Google Analytics 4 defines engagement rate and bounce rate as basic interaction metrics (Google, 2024). Databox publishes GA4 industry benchmarks for engagement and conversions, useful for comparison (Databox, 2024).
Traffic Metrics, Formulas, Benchmarks:
| Metric | Formula | Average | Good | Excellent |
|---|---|---|---|---|
| Sessions | counter | depends on budget | stable growth | growth + quality |
| Users | counter | varies by niche | growth YoY | growth YoY |
| Engagement Rate (GA4) | Engaged Sessions / Sessions × 100% | 45–55% | 55–65% | 65%+ |
| Bounce Rate (GA4) | 100% – Engagement Rate | 45–55% | 35–45% | <35% |
| Pages per Session | Pageviews / Sessions | 2–3 | 3–4 | 4+ |
| Traffic Source Share | Channel Sessions / Sessions × 100% | balance | diversified | strong organic + brand |
Calculation Example:
Engagement Rate:
Formula:
Engagement Rate = (Engaged Sessions / Sessions) × 100%
Example:
Engagement Rate = (27,000 / 50,000) × 100% = 54%
Practice:
- Track "Revenue per Session" by channels. High traffic without revenue causes planning noise.
- Compare engagement and conversion together. High engagement without purchase signals a checkout barrier.
Marketing Metrics
Marketing metrics show acquisition spend efficiency, creative quality, and ability to scale sales without margin decline.
WordStream publishes Google Ads Benchmarks 2024 for CTR, CPC, conversion rate by industry (WordStream, 2024). Klaviyo provides email benchmarks, including open rate and click rate by industry (Klaviyo, 2024).
Marketing Metrics, Formulas, Benchmarks:
| Metric | Formula | Average | Good | Excellent |
|---|---|---|---|---|
| ROAS | Revenue from Ads / Ad Spend | 2.0 | 3.0 | 5.0+ |
| CPA | Ad Spend / Conversions | varies by niche | down YoY | down YoY while scaling |
| CPO | Total Marketing Cost / Orders | varies by niche | margin control | margin control + growth |
| CTR | (Clicks / Impressions) × 100% | 2–4% | 4–6% | 6%+ |
| Email Open Rate | (Opens / Delivered) × 100% | 15–20% | 25% | 35%+ |
| Email Click Rate | (Clicks / Delivered) × 100% | 1.5–2.5% | 2.5–3.5% | 3.5%+ |
Formulas with Examples:
ROAS:
Formula:
ROAS = Revenue from Ads / Ad Spend
Example:
ROAS = ($90,000 / $30,000) = 3.0
CTR:
Formula:
CTR = (Clicks / Impressions) × 100%
Example:
CTR = (12,000 / 300,000) × 100% = 4%
Practice: attribution:
- Use unified UTM standards.
- Maintain "Contribution margin by channel" report: gross profit minus channel costs.

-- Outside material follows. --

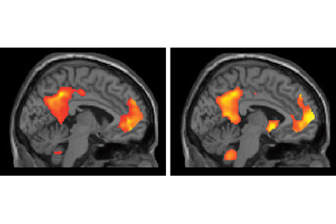 That's what Daniel Schacter at Harvard and his friends have discovered, by doing functional MRI studies of brains subjected to different kinds of cues. (Science Newsreport, Naturereview article, Charlie Rose interview.) Subjects are inserted gently into the giant magnetic field, then asked to either conjure up a memory or imagine a future scenario about some particular cue-word. What you see is that the same sites in the brain light up in both cases. The brain on the left in this image is remembering the past -- on the right, it's concocting an imaginary scenario about the future.

- Compare ROAS vs LTV-based ROAS for paid channels.
Marketing Analytics Checklist:
- Calculate ROAS in revenue and gross profit
- Separate brand vs non-brand in Search
- Calculate CAC by channels, compare with cohort LTV
- Implement holdout test for email or remarketing
Product and Catalog Metrics
Catalog determines e-commerce success or failure. Product metrics show which SKUs sell, which get stuck in inventory, and which categories deliver margin.

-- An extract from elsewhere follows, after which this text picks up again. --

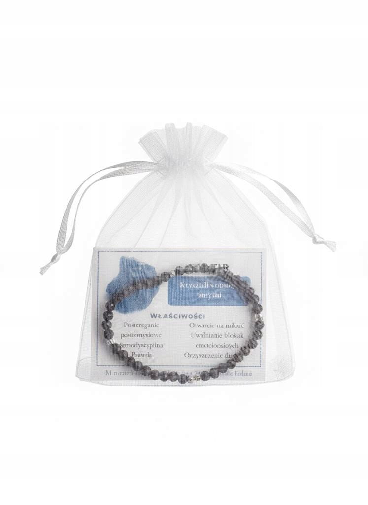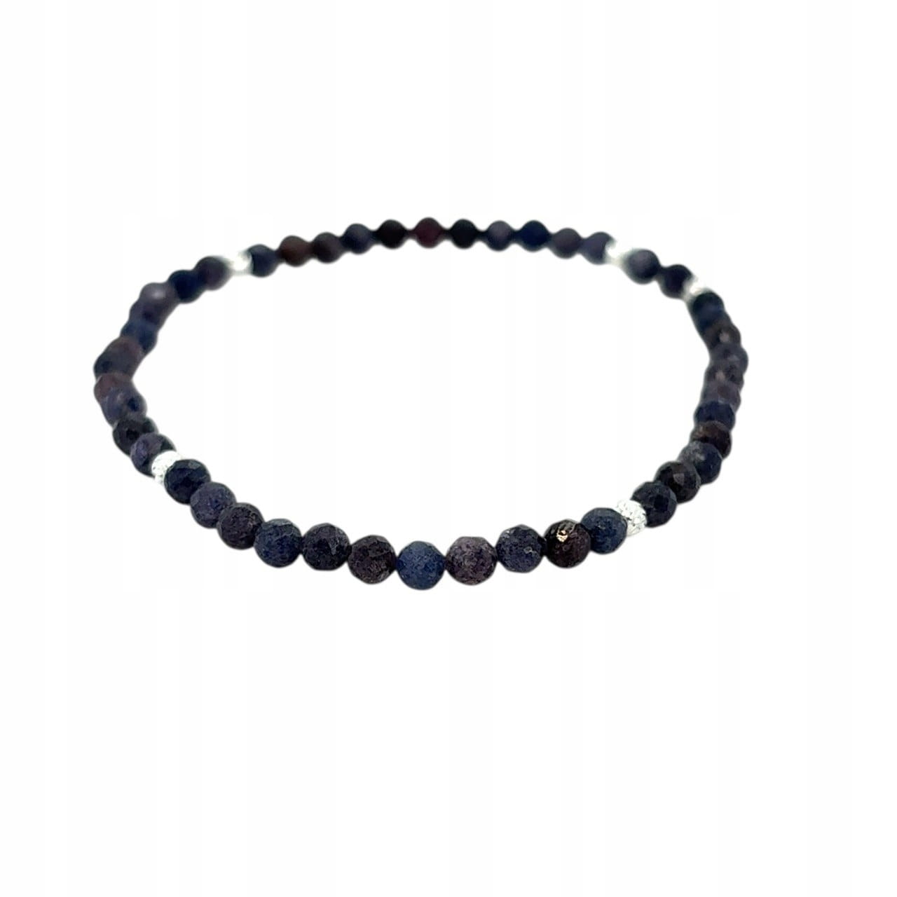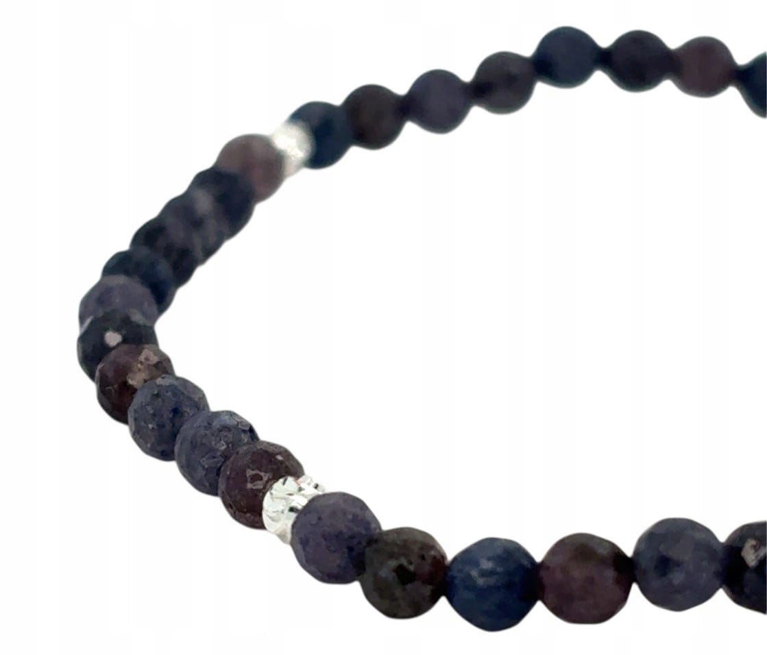 SZAFIR / Bransoletka fasetowana / ze srebrnymi detalami na gumce 3mm

BigCommerce recommends tracking AOV, conversion rate, traffic, LTV, retention as a basic set easily detailed by product groups (BigCommerce, 2024). Shopify emphasizes the role of analytics for inventory, demand, and assortment (Shopify, 2024).
Catalog, Inventory, Margin:
| Metric | Formula | Average | Good | Excellent |
|---|---|---|---|---|
| Sell-through Rate | (Units Sold / Units Received) × 100% | 20–40% | 40–60% | 60%+ |
| Inventory Turnover | COGS / Avg Inventory | 4–6 | 6–10 | 10+ |
| Product Margin | (Price – COGS) / Price × 100% | 30–50% | 50–65% | 65%+ |
| Category Share | Category Revenue / Total Revenue × 100% | balance | managed focus | managed focus + margin |
| Contribution by SKU | Gross Profit – Ads – Returns – Shipping | varies | positive | high |
Example:
Sell-through Rate:
Formula:
Sell-through Rate = (Units Sold / Units Received) × 100%
Example:
Sell-through Rate = (600 / 1,200) × 100% = 50%
Practice:
- Create ABC analysis by margin revenue.
- Enable "product performance by traffic": sessions → conversion → margin by SKU.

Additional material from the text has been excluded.